In fact, setting up adequate infrastructure in the region will not only accelerate the transformation of African economies from agriculture toward high productivity manufacturing and services, which, in turn, will definitely increase the number of decent jobs and create the enabling environment needed for a well-functioning society to thrive – a prerequisite for sustainable development. With infrastructure positioned at the heart of the United Nations Sustainable Development Goals, building adequate infrastructure in Africa is certainly a pressing need, a challenge that requires consistent and concerted efforts to address effectively.

For Africa, adequate infrastructure will provide an efficient transportation network, a secure energy system, resilient sanitation, reliable communication systems, and affordable housing. All these provisions will strengthen access to high-quality education and healthcare, address poverty and inequality, and improve food and water security, thereby improving the standard of living considerably, which will eventually bring an end to the numerous social, environmental, and economic problems that have plagued the continent for decades.

For example, the findings of a 2021 study by the World Bank that investigates the nexus between investments in infrastructure (electricity, road, and internet) and economic development in the Horn of Africa (Djibouti, Ethiopia, Kenya, and Somalia), using data on the expansion of roads, electricity, and internet over the last two decades, reveals that access to paved roads alone led to a reduction in agricultural employment and concomitantly an increase in manufacturing and services sectors.

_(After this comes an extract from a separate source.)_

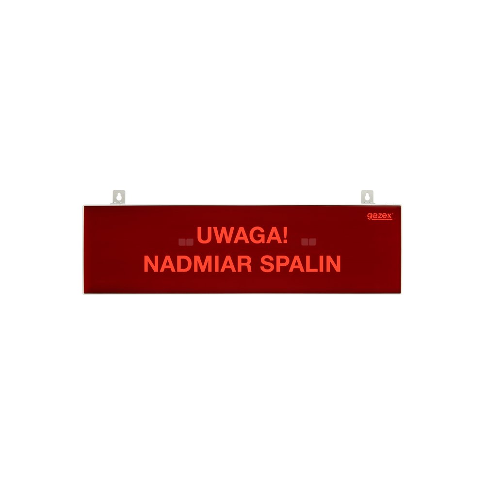 tablica ostrzegawcza dwustronna "UWAGA! NADMIAR SPALIN", podświetlenie czerwone LED, wbudowana cicha syrenka, zasilanie 230V

To add more, the findings further show that road improvements with investments in electrification led to a much larger shift from agriculture to manufacturing and services – again, the proposed investments in transport corridors will lead to a 1.5 percentage-point increase in the share of employment in non-agricultural sectors, with Kenya experiencing the largest growth, followed by Ethiopia, Djibouti, and Somalia.

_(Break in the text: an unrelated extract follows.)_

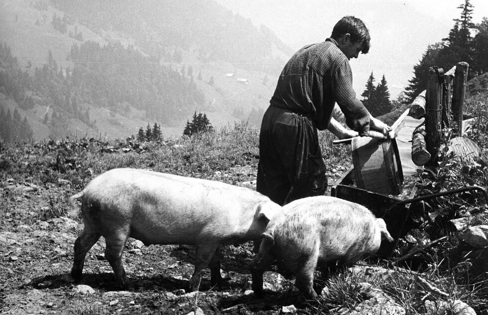 • Beim Brunnen der Alpe Ulfern Manser Anton (1933-1994); im Hintergrund das Vorsäß Vorder-Sifratshütten
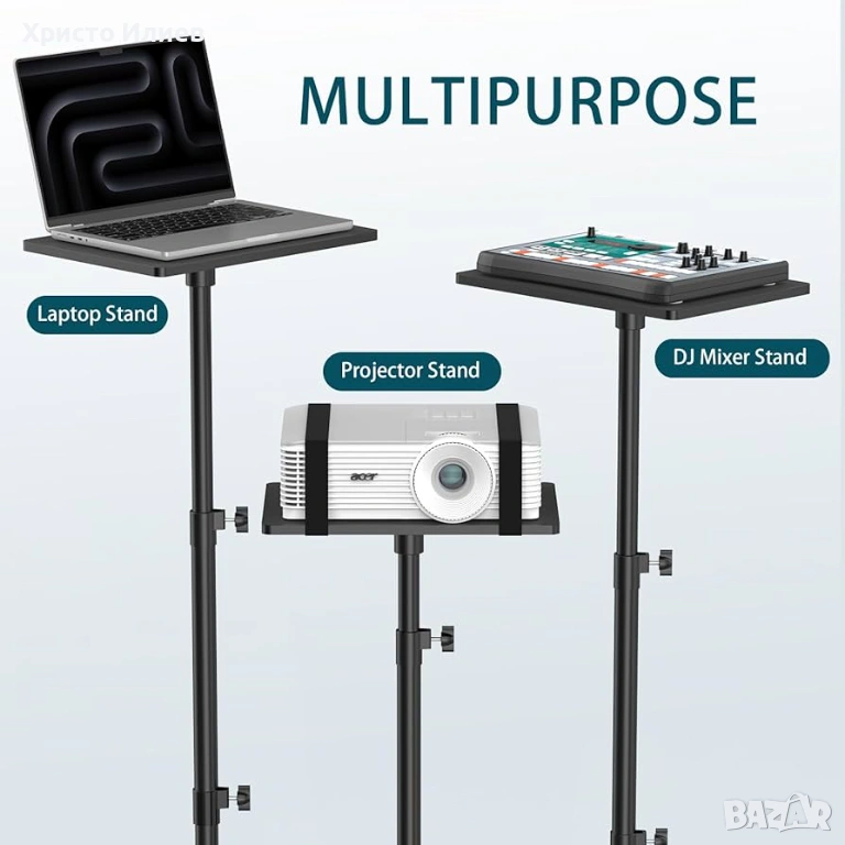 Rockjam Стативът Трипод е с плоча за поставяне на лаптоп или проектор. Здрав и стабилен, идеален за офис или у дома.

Obviously, this is the ideal trajectory for development in Africa – a structural transformation that facilitates an exodus of workers from low-productivity sectors, which offers a large share of employment in the region to higher-productivity employment that bolsters inclusive growth, eradicates poverty, provides universal access to education and healthcare and mitigates inequality.

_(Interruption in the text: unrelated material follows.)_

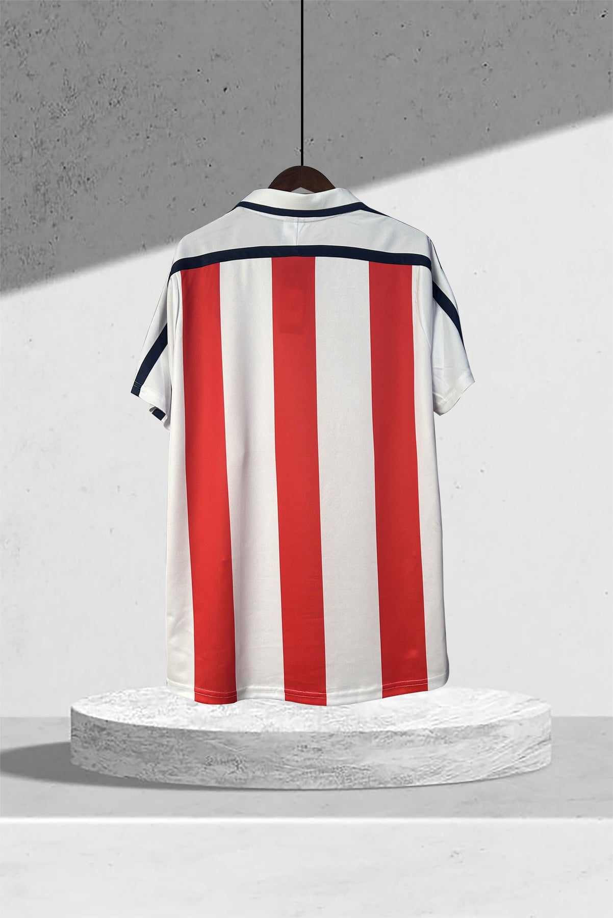 • Details: Dunkelblaues Band über Brust und Schultern – verleiht Balance und hebt Sponsor sowie Vereinswappen hervor.

However, this pathway for development cannot yield the desired outcome without consistent commitment and dedication from African governments, financial institutions, development partners, and other relevant stakeholders to bridge the increasing infrastructure finance gap. At present, Africa needs earnest cooperation from dedicated partners to close the vast infrastructure finance gap.

So far, efforts from the People’s Republic of China have been unparalleled and exemplary – a 2022 report from the Center for Global Development shows that between 2007 and 2020, Chinese development finance institutions (DFIs) provided 2.5 times more finance for infrastructure projects in sub-Saharan Africa than all other bilateral  DFIs combined.  In fact, the combined total of funds from the eight main bilateral DFIs except for China for the period is less than 50 percent of finance provided by the Export-Import Bank of China alone – a strong indication that the other entities have failed to pull their weight.

Nonetheless, to weather the storm, Africa needs the full cooperation of all its partners. Admittedly, significant infrastructure projects have been completed, but there is still a lot of room for improvement – for example, investment in water and social infrastructure sectors together accounted for only about five percent of the entire infrastructure finance in 2020.  Clearly, it is long-overdue for infrastructure investments to be prioritized in Africa, eschewing parties that pay lip service and seeking redress to formidable challenges that have impeded infrastructure development.

Alexander Ayertey Odonkor is an economic consultant, chartered economist, and chartered financial analyst with a keen interest in the economic landscape of countries in Asia and Africa.